Fear like all heavy states, all afflictive emotions, say , “Don’t look me in the eye. You can’t take it”. Because all these states have a certain hallucinatory quality about them. They appear to be more solid and less susceptible to impermanence and mindful dispersal than they really are. They say better look the other way because I am only going to get worse, and I’m never going to go away. But that has never happened. States of mind arise and dissolve in the flash of an eye unless acting on them, turning a thought into a train of thinking, bids them stay. There are so many states making up such as anger that we have rarely discerned their multiple risings and replacings: the disappointing of desire giving rise to frustration, to bewilderment, to pride, to judgment, to aggression, and the recycling of frustration and confusion and a compulsion to react, to “do something about it”. We see one emotion dissolve into the next in what is obviously a pre-set pattern.
We mistake an intricate process for a single state of mind and knowing very little of ourselves think it is simply anger or jealousy or envy not recognizing the fear and frustration of desire behind it all.

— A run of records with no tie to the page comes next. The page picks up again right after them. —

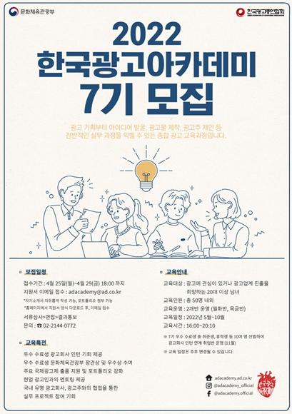 문화체육관광부는 사단법인 한국광고총연합회와 함께 실무 능력을 갖춘 예비 광고인력을 양성하기 위해 ‘한국광고아카데미 7기’를 운영한다.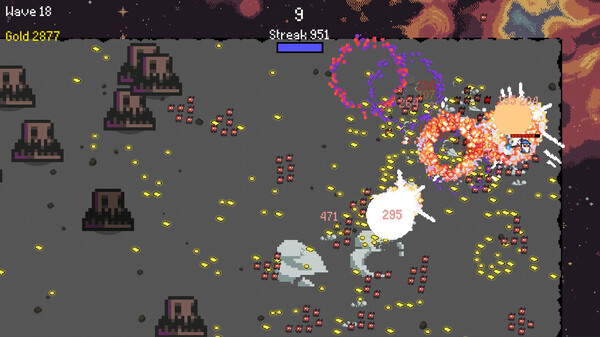 Your movement is controlled like a mouse cursor. You will earn money for killing enemies which will let you pay for weapons and spells. Mix and match magics to convert this bullet hell into a bullet heaven.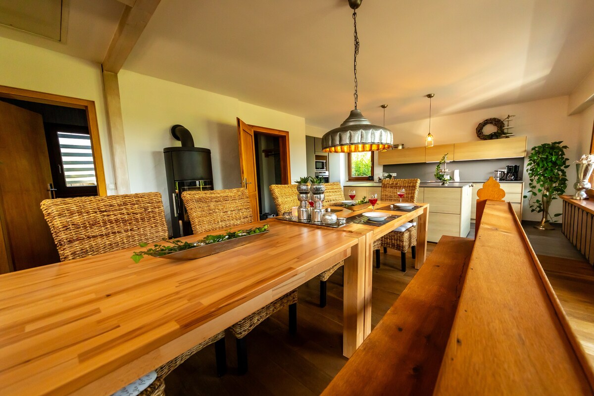 Laipni lūdzam Heaven Homes in Bad Driburg! ***Atpūtieties ar fantastiskiem skatiem tieši pie meža*** Apsēdieties un izbaudiet uzturēšanos savā grezni stilīgi iekārtotajā brīvdienu mājā tieši pie meža. Sāciet dienu ar svaigi pagatavotu kafiju no pilnībā automātiskā automāta vai kādas no daudzajām tējām, baudot skatu pār ieleju vai dodoties rīta pastaigā ar ToGo pa brīnišķīgajiem Egžu kalniem.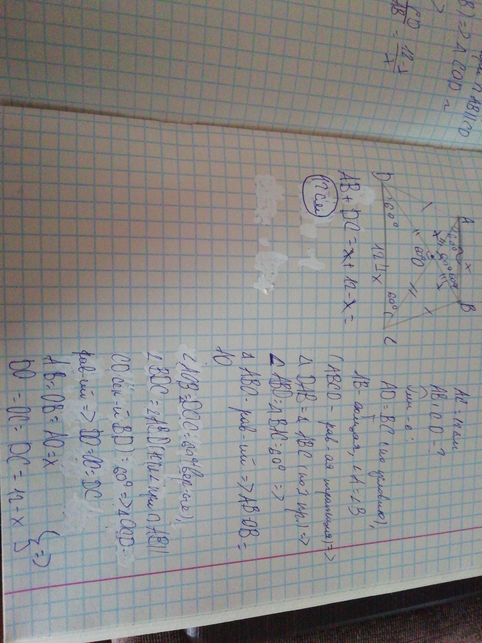 Диагонали в равнобедренный трапеции ABCD (AB || CD) пересекаются в точке О. Если АС=12см и угол АОВ=60°, найдите сумму длин основ трапеции.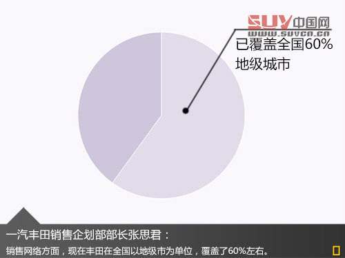 全新車型推出的同時,對于渠道的拓展一汽豐田張思君此前曾在接受媒體采訪時表示:現在我們一汽豐田已經正式開業的4S店共有467家(截至7月12日,長春車展),另外還有97家分店已經開業,而近年來我們無論是4S店還是分店,主要的還是瞄準三四級(城市)甚至是更小的一些市場。此外張思君還介紹到:“從開業的角度來講,現在豐田在全國以地級市為單位,覆蓋了60%左右。”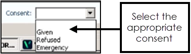 - You must now record the patient's consent type from the Consent list at the bottom of the screen:

Turning away from fear is acting on fear, turning toward it to investigate its inner nature is an act of fearlessness which cultivates courage.

True fearlessness is not the absence of fear, but the capacity to stay present to the process without flight or fight.
Reaction is mechanical compulsion. Response has a half a breath longer to consider its options. Response plays the edge.
Wherever we are playing our edge there is going to be fear because just beyond our edge is the unknown, in which all growth occurs.

What is this anger, this foul and peevish mood? Noting how anger arises from fear we recognize perhaps the two most seductive states needed to be understood to undertake a “spiritual career” or even hobby. Fear not only gives rise to anger but a host of unskillful activities. It even goes so far as to cause us to react to such as boredom which makes it difficult to stay with meditation or keep our knees from unbending in prayer.

Watch how to investigate with an open heart the closed mind brings forth peace. And then quite to our delight we notice that though our old nemesis of fear and anger are in the mind we are not angry or fearful but clear hearted, encouraged, and capable even of love.

Nothing is worth the heart being closed even a moment longer.
When M. Gandhi was asked by a New York Times reporter, to speak more about his passive resistance. Gandhi said there was nothing passive about our resistance, it’s just non violent.
That’s when anger turns into something really remarkable. It’s non violent. It is that same dissatisfaction with how things are same energy, but a very different out come. Oddly enough anger has a certain selfless energy. At a certain point in outrage, anger would drag the person it is angry at over cliff with them.. Well now imagine if that selflessness was rerouted toward love for the person to whom you feel the outrage was directed and help relieve their suffering.

When we start to convert this anger into service, when our frustration with the state of the world starts not to separate us in anger but connect us with compassion how different it becomes, if not at least a little, the world we live in, certainly the world that lives within us.